Thread: GiST: memory allocation, cleanup

GiST: memory allocation, cleanup

From
Neil Conway
Date:
Attached is a patch that makes some cleanups and improvements to GiST,
as well as a few semi-related cleanups. Changes:

- previously, GiST did not make any use of the backend's memory context
infrastructure. This made implementing indexes using GiST unnecessarily
difficult and fragile: if your implementation of a GiST method leaked
memory, this could result in a potentially large memory leak in
PostgreSQL itself.

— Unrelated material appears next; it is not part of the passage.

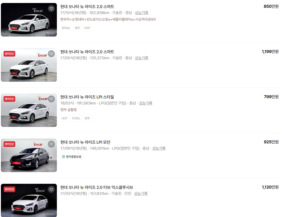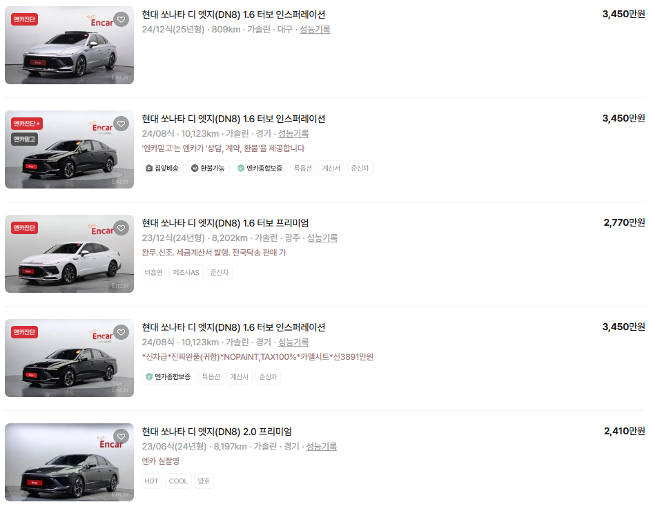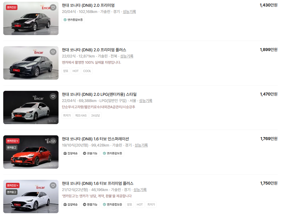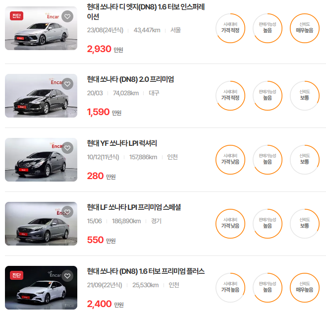 가장 이용자가 많은 엔카에는 쏘나타 중고차 매물이 약 4,704대 등록되어 있습니다. 아래는 현재 중고차 시장에서의 쏘나타 중고차 시세와 매물표입니다.

This patch changes GiST so that all invocations of
used-defined GiST methods are done within a short-lived memory context.
In practice, this means GiST implementors need not use pfree, unless
they are doing a _lot_ of allocations in their method implementations.

As part of this work, memory contexts were also used to cleanup a lot of
ugly and difficult to maintain memory management code in gist.c itself.

QUESTION: given a ScanKey for an index scan, GiST overwrites the
ScanKey's sk_func to point to the user-defined Consistent method
(gistrescan() in gistscan.c). When doing a GiST index scan we can ensure
that the sk_func is invoked in a short-lived memory context
(gistfindnext() in gistget.c). Is it safe to assume that anywhere else
in the backend that invokes the ScanKey's sk_func, it is done in a
short-lived memory context?

- previously, src/include/access/gist.h included both the "public" API
that is intended for use by GiST implementors as well as declarations
for the GiST implementation itself. I've created a new header file
"gist_private.h" and moved the latter declarations there.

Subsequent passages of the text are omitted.